- **EXERCISE INSTRUCTIONS**
Work out how many lines in the material below hold "with", then give only that number.

- **RECORDS**
━━━━━━━━━━━━━━━━━━━━

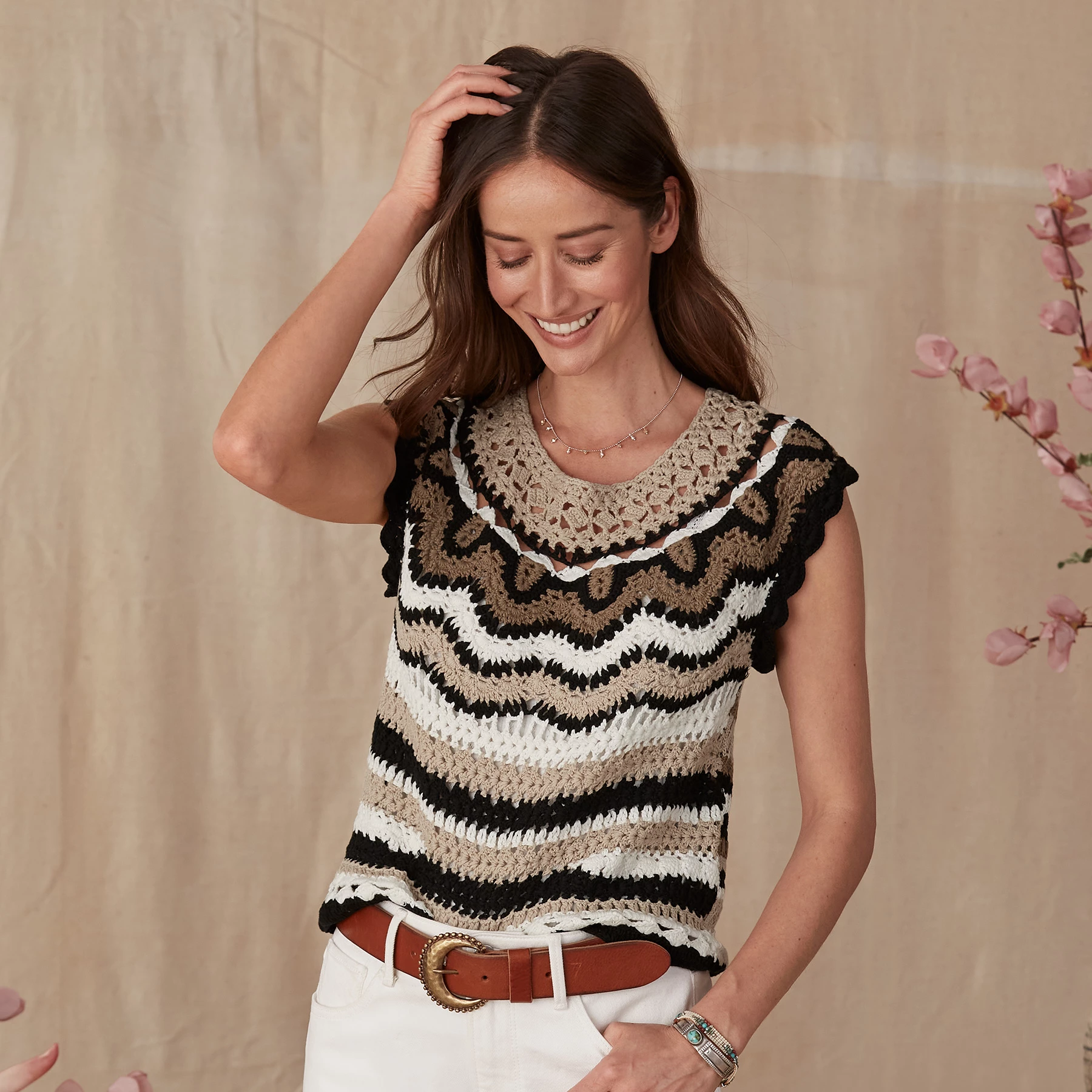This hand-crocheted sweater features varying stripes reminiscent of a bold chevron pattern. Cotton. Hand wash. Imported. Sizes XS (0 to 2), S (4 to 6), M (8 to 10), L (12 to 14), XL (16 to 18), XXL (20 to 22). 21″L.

━━━━━━━━━━━━━━━━━━━━

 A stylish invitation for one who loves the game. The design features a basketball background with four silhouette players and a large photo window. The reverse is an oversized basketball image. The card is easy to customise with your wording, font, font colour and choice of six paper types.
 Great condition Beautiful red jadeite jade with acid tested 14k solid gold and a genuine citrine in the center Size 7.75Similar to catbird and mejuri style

━━━━━━━━━━━━━━━━━━━━

- **WRITTEN SOLUTION**
2